Growth rates of bacterial strains were estimated through a microplate reader kinetic assay. Strains were grown overnight from glycerol stocks in LB liquid medium with kanamycin, then diluted 1:100 into fresh LB media with kanamycin amended with either 1000 µM, 100 µM, 10 µM, or 0 µM arabinose in 96-well plates (Falcon, 353072). Plates were sealed with a gas-permeable microplate adhesive film (VWR, USA), and then optical density and fluorescence were monitored for 22 hours in an Infinite F200 Pro (Tecan Life Sciences, San Jose, CA) plate reader at 30 °C. Optical density was measured at 600 nm, while fluorescence was measured using an excitation wavelength of 575 nm and an emission wavelength of 620 nm with a manually set gain of 35. In between reads, the plate was shaken at a linear amplitude of 6 mm.

To measure RFP production from plasmids, fluorescence measurements were obtained from single time points of cells grown in deep-well 96-well plates. Cells were grown in 500 µL of LB medium with kanamycin supplemented with either 1000 µM, 100 µM, 10 µM, or 0 µM arabinose. Plates were sealed with AeraSeal film (Excel Scientific, AC1201-02) and grown for 22 hours at 30 °C on a 200 rpm shaker rack. After incubation, 100 µL from each well was aliquoted into a black, clear-bottom 96-well plate and fluorescence was measured with an Infinite F200 Pro (Tecan Life Sciences, San Jose, CA) plate reader. Optical density was measured at 600 nm (OD600), while fluorescence was measured using an excitation wavelength of 575 nm and an emission wavelength of 620 nm with a manually set gain of 35.

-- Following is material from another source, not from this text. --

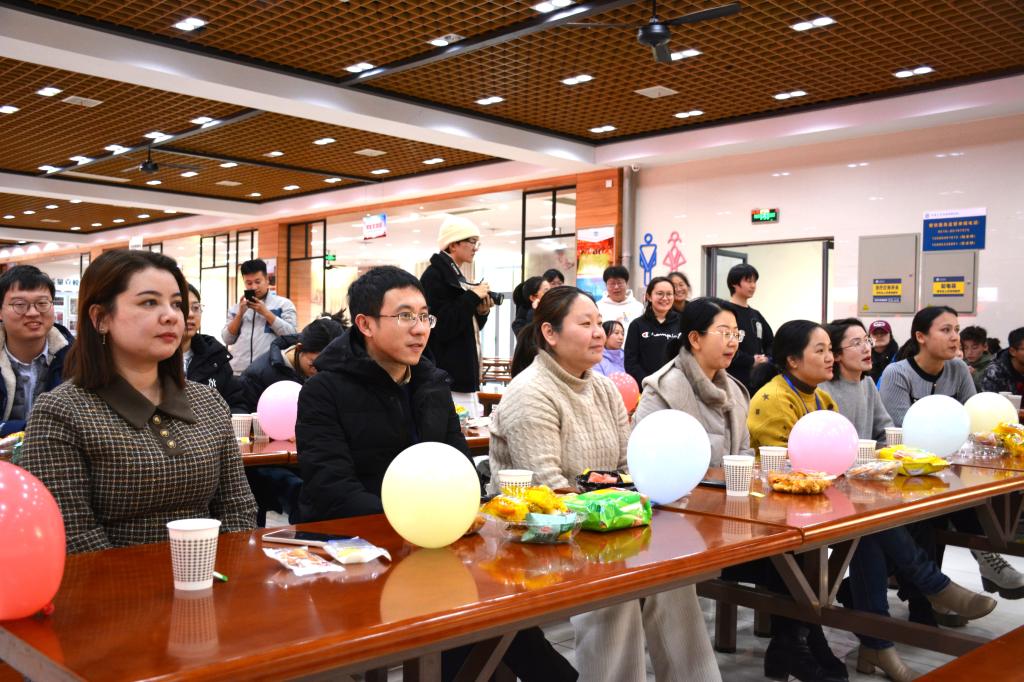 节目表演后,师生们围坐一起边包饺子边话家常。擀饺皮、包饺子、话友情,大家分工配合,各展其能,时不时还相互切磋包饺子的技法,看着餐盒里一排排的饺子,有大有小,有扁有圆,形状各异……现场气氛愉悦融洽,每个人脸上都洋溢着开心的笑容。最后,大家一边品尝着自己动手做的水饺,一边分享着自己此次活动的心得经验和相聚乐趣。

Plasmid Compatibility Assay

Mutant plasmids pBbS8k-RFP_E83K and pBbS8k-RFP_N99D were cotransformed into E. coli DH10B with a BglBrick family plasmid containing the gene encoding RFP under the control of an araBAD promoter, and a carbenicillin resistance cassette. The origin of replication for the latter vector was either p15a, ColE1, or pBBR1. To test plasmid stability and compatibility, the transformants were grown overnight in LB containing 100 µg/mL carbenicillin. Each overnight culture was considered to be the result of 10 generations of growth. Each overnight culture was diluted by a factor of 1:1,000 (3 μL into 3 mL) and grown again for a total of 60 generations, i.e. six days. Every other day, after 20 generations of growth, the cultures were diluted 1:50,000 and plated onto LB plates containing only carbenicillin, as well as plates containing both carbenicillin and kanamycin. Colonies were then counted after incubation overnight. Stability was assessed as the ratio between the number of colonies present on the carb/kan plates and the number of colonies present on the carb only plates.

RepA Structural Modelling

The RepA homology model was generated using the structure prediction software I-TASSER (,31. The internal C-score scoring function in I-TASSER was utilized to select the best homology model. The known homodimeric RepE protein structure (PDB ID: 2Z9O) was utilized to generate a homodimeric structure of the RepA homology model. The RepA homodimeric model was energy minimized using CHIMERA32. All figures related to the RepA homology model were visualized and generated by PyMOL (The PyMOL Molecular Graphics System, Version 1.8 Schrödinger, LLC.).

Data Visualization and Statistical Analysis

All data were analyzed using custom Python scripts. All graphs were visualized using either Seaborn or Matplotlib. Calculation of 95% confidence intervals was conducted via the Scipy library.